-- Opening Marker --

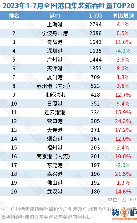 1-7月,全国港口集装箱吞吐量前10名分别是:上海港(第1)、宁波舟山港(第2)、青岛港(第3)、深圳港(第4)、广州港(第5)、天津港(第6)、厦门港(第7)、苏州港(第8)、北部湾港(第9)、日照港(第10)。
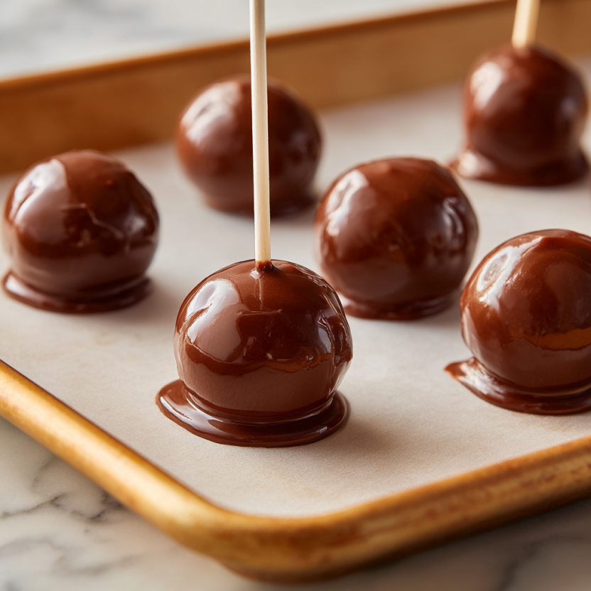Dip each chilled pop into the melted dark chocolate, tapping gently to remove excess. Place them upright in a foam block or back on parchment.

-- Closing Marker --
-- Opening Marker --

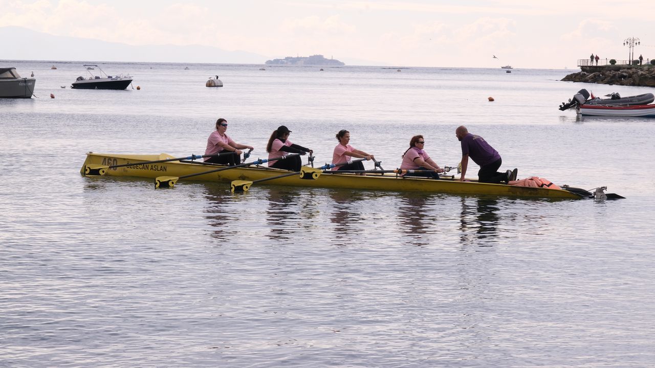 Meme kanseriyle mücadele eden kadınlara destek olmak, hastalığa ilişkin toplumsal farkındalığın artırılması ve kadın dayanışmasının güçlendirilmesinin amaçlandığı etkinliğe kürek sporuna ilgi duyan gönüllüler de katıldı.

-- Closing Marker --

#### Exercise prompt
Line for line, output the entries above from the line with "1-7月,全国港口集装箱吞吐" to the line with "Dip each chilled", both included, and nothing more. Skip pictures.

#### Expected answer
 1-7月,全国港口集装箱吞吐量前10名分别是:上海港(第1)、宁波舟山港(第2)、青岛港(第3)、深圳港(第4)、广州港(第5)、天津港(第6)、厦门港(第7)、苏州港(第8)、北部湾港(第9)、日照港(第10)。
Dip each chilled pop into the melted dark chocolate, tapping gently to remove excess. Place them upright in a foam block or back on parchment.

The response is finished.